09/11/2005 - O mais indígena dos municípios brasileiros, situado na fronteira da Colômbia e Venezuela, cujo território é o terceiro maior do País, testemunha o crescimento desordenado de sua cidade-sede e demais aglomerados urbanos. Deste processo surge uma série de problemas sociais, econômicos e ambientais que atinge, em especial, a população indígena jovem. Ao mesmo tempo, as demandas das mais de 500 comunidades de 23 etnias locais não encontram respostas adequadas do poder público. Para enfrentar estas questões, os atores locais estão elaborando o Plano Diretor do município. O ISA aproveita a oportunidade e publica reportagem especial sobre os principais desafios de um dos maiores símbolos da sociodiversidade brasileira e suas perspectivas de futuro.
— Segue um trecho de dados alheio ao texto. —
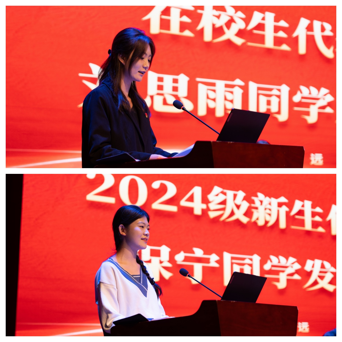 会上,学院教师史安玲教授代表全院教师发言。史教授欢迎各位新生加入经济学院,鼓励新同学在大学的学习生活中积极勤奋、团结协作、同窗互助、百花齐放,激励新生们在新的征程中勇敢前行,为实现自己的梦想而努力奋斗。接着,经济统计学2102班刘思雨同学代表在校生发言。她回顾了自己大学的成长经历和心路历程,同时也分享了大学期间的收获,建议新同学做好规划,知行合一,在学习上自律勤奋,在实践中历练自我,成栋梁之材,为社会主义建设贡献自己的力量。经济统计学2401班保宁同学代表2024级新生发言。她首先向全院教师表达了感谢,回顾了高中学习历程,同时期待在未来的大学时光里,能在广阔的舞台上发现自我、展现自我、突破自我、追求自我,践行“厚德载物、博学济世”的校训,努力成长为对国家建设有贡献的人才。

Com mais de 109 mil quilômetros quadrados de área; habitado por 23 povos indígenas espalhados por mais de 550 comunidades – e que fazem de sua sede a cidade mais indígena do País; situado na fronteira do Brasil com Colômbia e Venezuela – uma importância geopolítica confirmada pela presença crescente de militares; cercado de Floresta Amazônica por todos os lados e incluído na maior bacia de águas pretas do mundo. Definitivamente, São Gabriel da Cachoeira, no Amazonas, não é um município comum.
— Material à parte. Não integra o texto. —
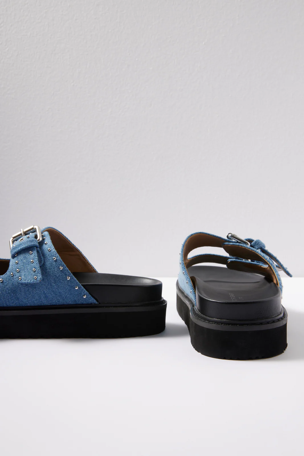 Denim fabric elevates these stylish platform sandals by Marc Fisher LTD, featuring adjustable straps and silver stud details. Slip them on with your favorite warm-weather look.

O que o diferencia de muitos municípios brasileiros, contudo, não é suficiente para evitar que São Gabriel, como é mais conhecido, enfrente atualmente um problema comum a outros lugares do País: o crescimento desordenado de sua área urbana. Para se ter uma idéia, a população da cidade em 1991 era de quase sete mil pessoas e hoje está por volta de 15 mil habitantes, quase a metade da total do município (estimada em 36 mil). Esta expansão caótica é, ao mesmo tempo, causa e efeito de uma série de avarias sociais, econômicas e ambientais, cuja face mais visível é o surgimento de bairros miseráveis e violentos nas bordas da cidade. A pane é detectada também no alto êxodo da população indígena do interior para a cidade, nos casos de alcoolismo e, sobretudo, no desemprego que paralisa boa parte da população. Este fenômeno também é verificado nos demais núcleos urbanos do município, como Iauaretê e Pari-Cachoeira. Saiba mais sobre o êxodo rural em São Gabriel.

No começo de outubro a sociedade civil organizada de São Gabriel da Cachoeira se reuniu para colocar uma lupa sobre o mapa do município. Moradores da cidade, lideranças comunitárias, representantes da prefeitura, do governo federal, do Exército e de entidades civis- entre elas o ISA, que há 10 anos tem na cidade uma de suas subsedes – participaram nos dias 5 e 6 do II Encontro do Plano Diretor de São Gabriel. Nos dois dias de reunião, o município foi o foco da atenção de todos os participantes, que buscaram esmiuçar os problemas locais para nortear caminhos e estratégias que resultem em melhores condições de vida para toda a comunidade.

O Plano Diretor é uma lei municipal prevista no Estatuto da Cidade, criado pelo governo federal em 2001, para ser o instrumento básico da política de desenvolvimento e expansão urbana dos municípios brasileiros. Deve ser aplicado em todos aqueles com mais de 20 mil habitantes ou nos que fazem parte de regiões metropolitanas, tenham grande potencial turístico ou, ainda, que irão receber obras de impacto ambiental. Todos estes devem elaborar até outubro de 2006 seus Planos Diretores – caso contrário seus prefeitos poderão responder por improbidade administrativa.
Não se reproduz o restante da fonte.